An expansion header board for the CPUville kit

With the C compiler working it was time to get back to the hardware and make it possible to experiment with new devices.
The first requirement is a board to make it easier to create other expansion boards:
  1. Normalize the spacing of the bus headers to a multiple of 0.1" so prototyping boards can be used when experimenting with new hardware.
  2. Do more filtering on the address lines so the UART only gets triggered when address lines A7 - A4 are low.

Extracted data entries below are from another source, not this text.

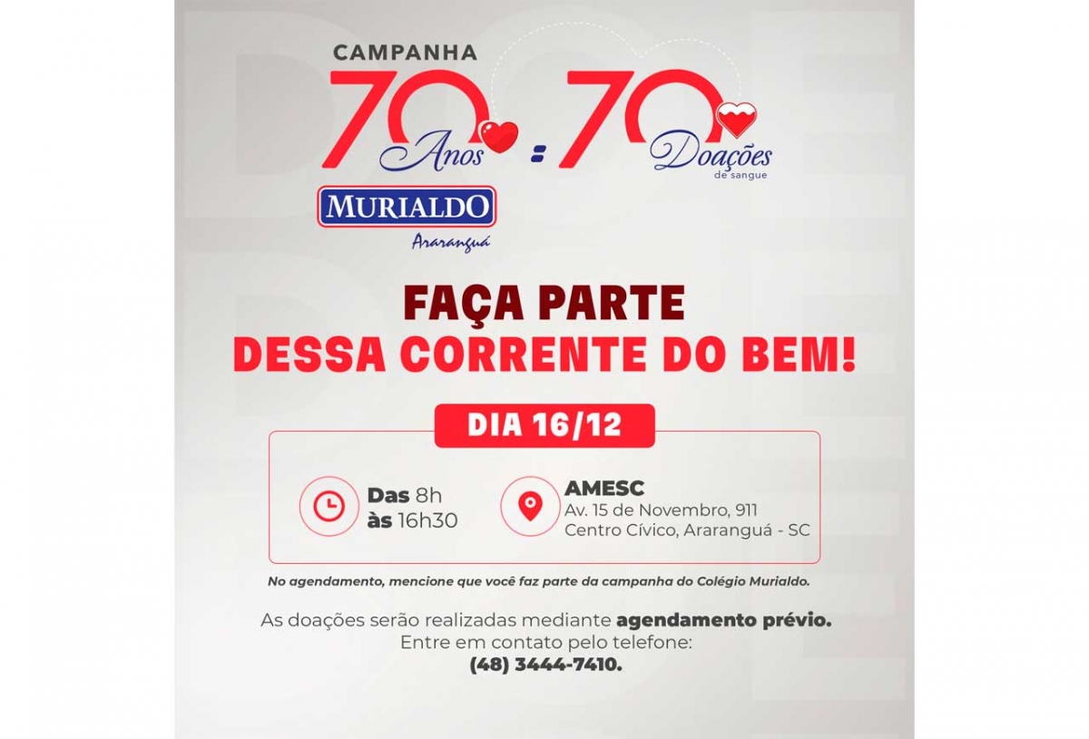 Em celebração aos 70 anos do Colégio Murialdo, realizamos a campanha “70 Anos = 70 Doações de Sangue” — um gesto solidário que expressa nossos valores de acolhimento, amor e compromisso com o bem comum.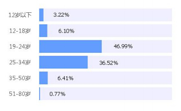 參與微博討論的網(wǎng)友中,年齡集中分布在19-34歲,共占比 83.51%,其中19-24歲占比最高,為46.99%。19-24歲為90后群體,這個群體自信張揚、充滿激情、向往自由,“世界那么大,我想去看 看”這句話在年輕群體中倍受追捧。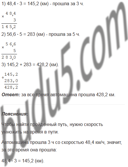 Автомашина прошла 3 ч со скоростью 48,4 км/ч и 5 ч со скоростью 56,6 км/ч. Какой путь прошла автомашина за все это время?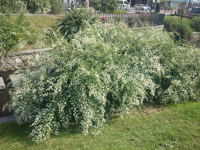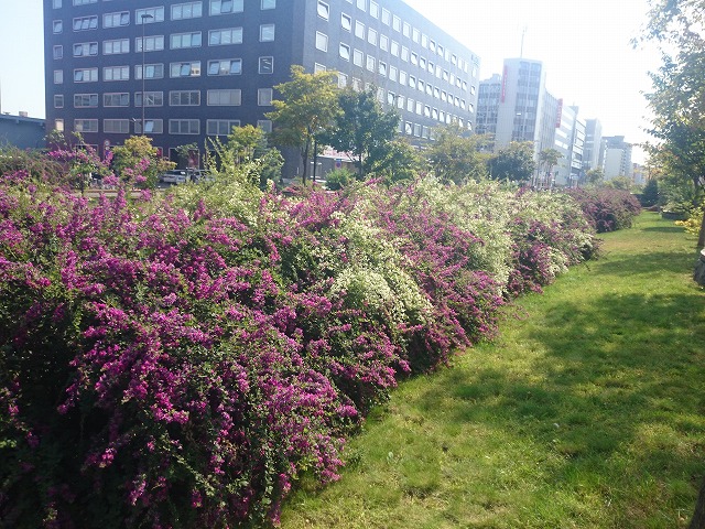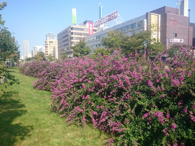 創成川公園内には、ミヤギノハギやシラハギが植えられています。 公園の北の方のブロックでは、そろそろ見ごろを迎えます。 垂れ下がっているのがミヤギノハギ、そしてまだ花はほとんど咲いていませんが立っているのがシラハギです。 ミヤギノハギには、赤紫と白花の物があります。 ミヤギノハギは葉が細長く先がとがっているのですが、垂れ下がっていて葉が丸いのは、園芸品種であるミヤギノハギのもととなるケハギだということです。 秋の七草にも登場する「ハギ」の花はまだしばらく楽しめます。

As it is the UART card will respond to any I/O request when A2 is high.

So this first board sits between the CPU card and the UART card to stop the latter responding to higher I/O addresses, leaving addresses 16+ for other devices.
The circuit is trivial, only requiring OR gates and inverters to narrow the IORQ signal trigger. A0 and A1 are the only address lines required by the UART card. It requires most of the control signals, MREQ being the one not needed.

All lines are passed through to the headers on the card to be used by other hardware unchanged.

There are no power conditioning capacitors, signal buffering, etc. Someone who is better at hardware design might. I don't know how many gate delays are okay before signals start getting late. Is this a problem at 2MHz? A reset button might also be a good idea because the CPUville CPU board uses a DIP switch for reset which is awkward to use.

The only other thing worthy of comment is why the address decoding logic lives on a "daughter board". Looking at the bare prototype board I thought there was plenty of room for two 14 pin DIP ICs and the header pins. I was wrong - they didn't quite fit in the single suitable row available. In hindsight I think I may have been able to fit one of the ICs between the two sets of headers for the UART board but given it is too late to do anything about it now I have not checked.

Next up is getting a TI BQ4845 real time clock chip connected.